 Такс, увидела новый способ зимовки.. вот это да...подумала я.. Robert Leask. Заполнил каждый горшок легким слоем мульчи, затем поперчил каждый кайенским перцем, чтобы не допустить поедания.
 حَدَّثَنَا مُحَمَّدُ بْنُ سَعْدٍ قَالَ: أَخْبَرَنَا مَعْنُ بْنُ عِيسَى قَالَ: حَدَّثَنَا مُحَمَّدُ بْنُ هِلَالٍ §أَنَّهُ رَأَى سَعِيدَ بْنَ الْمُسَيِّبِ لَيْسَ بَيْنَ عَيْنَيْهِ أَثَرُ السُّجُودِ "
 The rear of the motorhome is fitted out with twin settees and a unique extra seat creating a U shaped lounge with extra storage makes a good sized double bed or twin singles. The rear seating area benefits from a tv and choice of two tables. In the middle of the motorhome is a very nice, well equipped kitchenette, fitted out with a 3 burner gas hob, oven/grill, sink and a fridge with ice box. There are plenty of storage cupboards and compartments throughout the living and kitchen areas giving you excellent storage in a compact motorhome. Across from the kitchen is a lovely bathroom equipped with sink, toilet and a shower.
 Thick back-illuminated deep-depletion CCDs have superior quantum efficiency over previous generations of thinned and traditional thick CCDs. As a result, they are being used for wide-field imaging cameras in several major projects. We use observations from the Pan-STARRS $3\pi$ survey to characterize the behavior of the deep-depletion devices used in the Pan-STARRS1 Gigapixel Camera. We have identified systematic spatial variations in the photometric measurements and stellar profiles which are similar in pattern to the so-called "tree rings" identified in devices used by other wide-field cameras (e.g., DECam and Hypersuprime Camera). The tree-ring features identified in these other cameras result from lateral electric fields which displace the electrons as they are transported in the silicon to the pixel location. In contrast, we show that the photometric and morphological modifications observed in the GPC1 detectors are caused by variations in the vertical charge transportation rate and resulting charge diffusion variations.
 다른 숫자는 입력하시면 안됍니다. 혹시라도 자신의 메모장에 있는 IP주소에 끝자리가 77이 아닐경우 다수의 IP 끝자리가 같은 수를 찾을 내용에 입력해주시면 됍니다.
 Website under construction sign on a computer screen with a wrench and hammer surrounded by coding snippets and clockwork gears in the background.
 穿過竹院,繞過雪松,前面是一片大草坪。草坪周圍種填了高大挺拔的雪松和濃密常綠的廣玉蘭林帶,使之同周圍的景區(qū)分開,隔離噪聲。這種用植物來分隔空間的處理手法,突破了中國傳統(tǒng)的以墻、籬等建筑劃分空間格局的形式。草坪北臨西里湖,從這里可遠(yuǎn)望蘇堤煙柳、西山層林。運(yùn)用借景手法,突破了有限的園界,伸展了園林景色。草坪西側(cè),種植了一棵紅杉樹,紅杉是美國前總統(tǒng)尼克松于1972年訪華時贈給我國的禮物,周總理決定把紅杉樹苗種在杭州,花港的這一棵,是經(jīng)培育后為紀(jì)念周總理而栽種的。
--
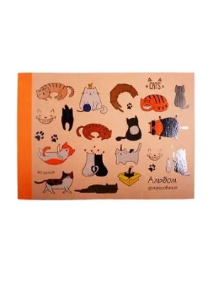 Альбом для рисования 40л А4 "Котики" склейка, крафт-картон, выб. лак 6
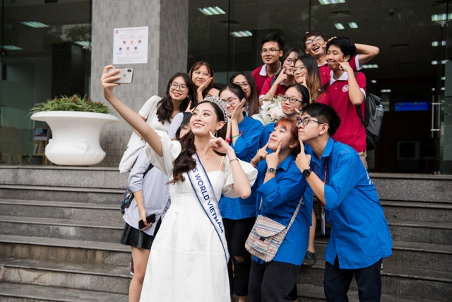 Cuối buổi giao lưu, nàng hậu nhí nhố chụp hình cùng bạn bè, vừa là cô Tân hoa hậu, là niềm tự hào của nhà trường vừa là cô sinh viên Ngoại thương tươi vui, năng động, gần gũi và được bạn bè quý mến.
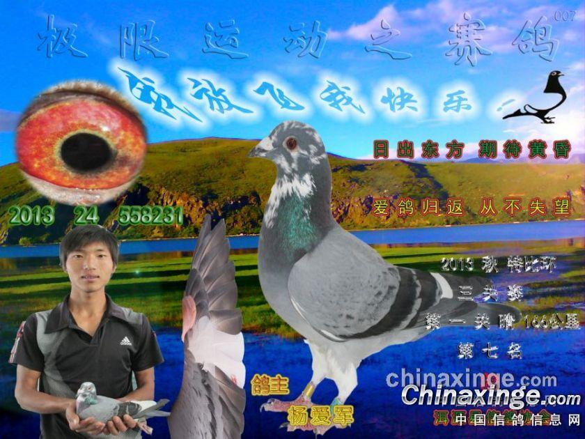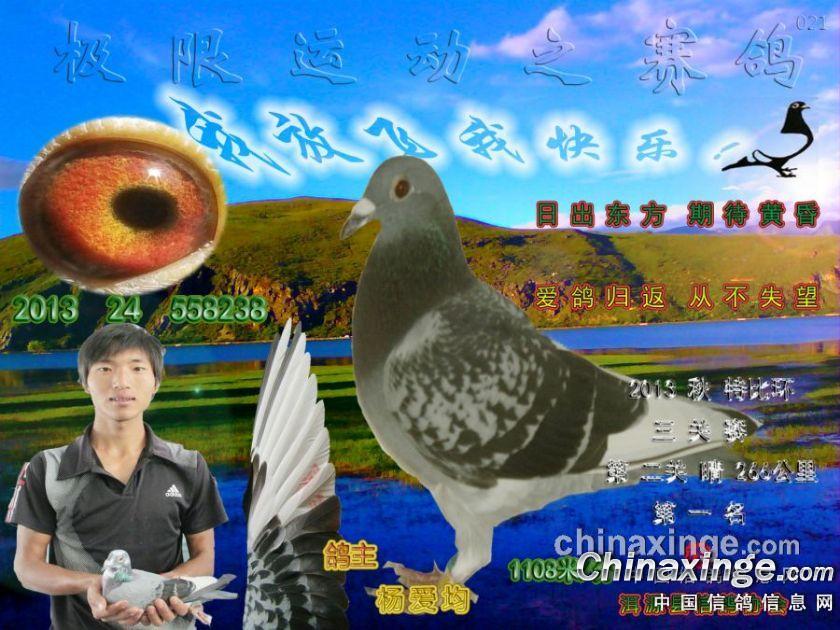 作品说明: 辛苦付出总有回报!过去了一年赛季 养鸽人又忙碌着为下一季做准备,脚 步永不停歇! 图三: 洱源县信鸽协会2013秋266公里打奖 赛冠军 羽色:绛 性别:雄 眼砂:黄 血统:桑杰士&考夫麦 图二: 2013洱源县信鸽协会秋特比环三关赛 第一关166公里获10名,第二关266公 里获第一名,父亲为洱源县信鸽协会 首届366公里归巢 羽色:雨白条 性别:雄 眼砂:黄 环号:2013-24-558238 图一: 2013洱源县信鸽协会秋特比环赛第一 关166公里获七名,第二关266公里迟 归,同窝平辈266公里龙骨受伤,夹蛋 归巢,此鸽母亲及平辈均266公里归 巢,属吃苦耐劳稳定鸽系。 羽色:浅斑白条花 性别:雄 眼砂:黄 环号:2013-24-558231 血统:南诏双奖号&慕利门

WORK ITEM:
What are the lines above, starting at the one with "Такс, увидела новый" and ending at the one with "The rear of"? Give them again exactly, and only them.

WRITTEN SOLUTION:
 Такс, увидела новый способ зимовки.. вот это да...подумала я.. Robert Leask. Заполнил каждый горшок легким слоем мульчи, затем поперчил каждый кайенским перцем, чтобы не допустить поедания.
 حَدَّثَنَا مُحَمَّدُ بْنُ سَعْدٍ قَالَ: أَخْبَرَنَا مَعْنُ بْنُ عِيسَى قَالَ: حَدَّثَنَا مُحَمَّدُ بْنُ هِلَالٍ §أَنَّهُ رَأَى سَعِيدَ بْنَ الْمُسَيِّبِ لَيْسَ بَيْنَ عَيْنَيْهِ أَثَرُ السُّجُودِ "
 The rear of the motorhome is fitted out with twin settees and a unique extra seat creating a U shaped lounge with extra storage makes a good sized double bed or twin singles. The rear seating area benefits from a tv and choice of two tables. In the middle of the motorhome is a very nice, well equipped kitchenette, fitted out with a 3 burner gas hob, oven/grill, sink and a fridge with ice box. There are plenty of storage cupboards and compartments throughout the living and kitchen areas giving you excellent storage in a compact motorhome. Across from the kitchen is a lovely bathroom equipped with sink, toilet and a shower.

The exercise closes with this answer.